Path: Liver 4 - Disease + Cirrhosis (ii)

Presentation of alcohol-related liver damage

vague symptoms

found through screening or identified in @ risk pops

abnormal LFTs, fatty change/cirrhosis on US, abnormal transient elastography (FirbroScan)

acute episodes of alcohol hepatitis

decompensated cirrhosis

Hx

AUDIT/CAGE questionnaires

direct Qs

collat hx

hints (not specific or sensitive): raised gGT, elevated MCV

don't assume harmful/heavy drinking is the sole or even main cause - excl others

alcohol may interact with other causes of liver damage (HCV, HFE, paracetamol)

tx = abstinence

Pathological effects of alcohol abuse

alcohol-related liver disease

acute and/or chronic pancreatitis (acute from binge drinking)
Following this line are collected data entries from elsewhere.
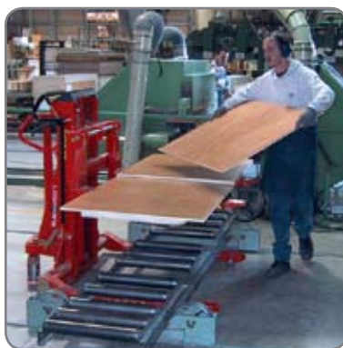
Logitrans produkter för hantering av långa, tunga och breda ämnen.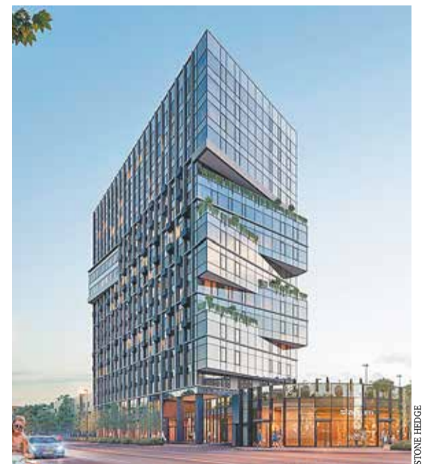
Проект Клубного дома Story

Отдельного разговора заслуживает архитектура комплекса. Story спроектирован ТПО «Резерв» — одним из крупнейших в Москве архитектурных бюро. 16-этажное здание выдержано в функциональном стиле. В декоре фасадов использованы современные материалы: стекло и панели из объемной керамики, хорошо сочетающиеся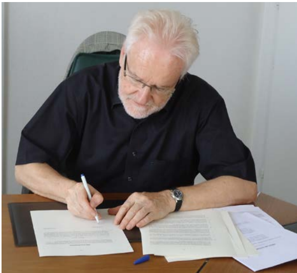
Signature de l'acte notarié par M. Lang, architecte cantonal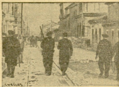
En los últimos días de la dominación roja, en Gijón, los mineros abandonan precipitadamente la ciudad y los guardias de Asalto patrullan por las calles.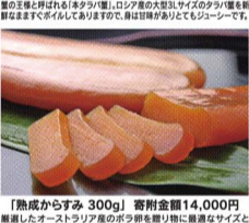
【熟成からすみ 300g】 寄附金額14,000円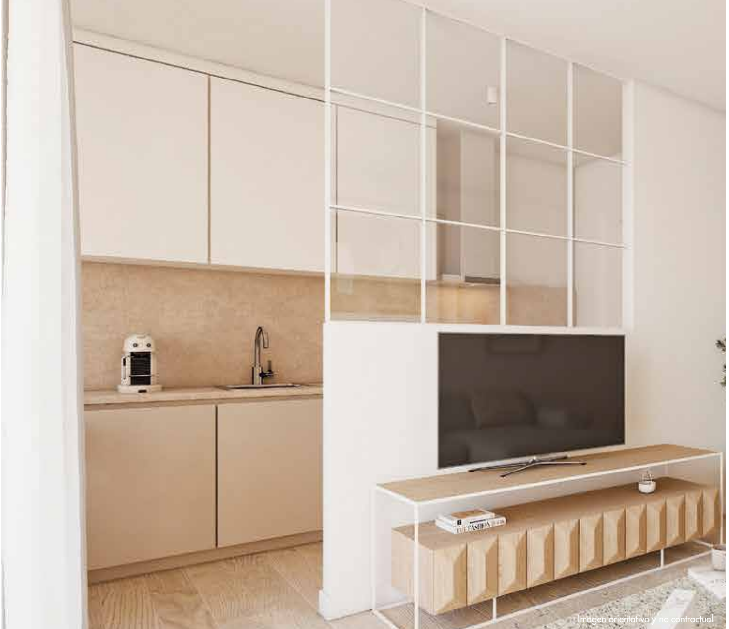
Imagen orientativa y no contractual

Se equipan con los siguientes electrodomésticos Balay color inox, según tipología: frigorífico combi, placa de inducción, campana extractora y horno o campana extractora decorativa/integrada y torre en horno

gastritis, erosions, PUD, oesophageal tears from vomitting

increases risk of HTN + hypertensive (haemorrhagic) stroke

CNS disturbance (Wernicke-Korsakoff syndrome)

Wernicke's encephalopathy (thiamine deficiency) + Korsakoff psychosis

long term cerebellar or cortical atrophy

cognitive impairment

peripheral neuropathy

acute myopathy + long term muscle wasting

dilated CM

possible malnutrition, increased risk of infection (TB, lobar pneumonia)

increased risk of breast cancer

risk of trauma (head injury, fractures, RTA, suicide)

during pregnancy: foetal alcohol syndrome, poor birth outcomes (unlikely with v low dose)

NAFLD

spectrum of histological changes identical to alcohol-related liver disease

fatty change = most common manifestation by far

NASH present in a few

cirrhosis - common cause of previously cryptogenic cirrhosis (unknown origin)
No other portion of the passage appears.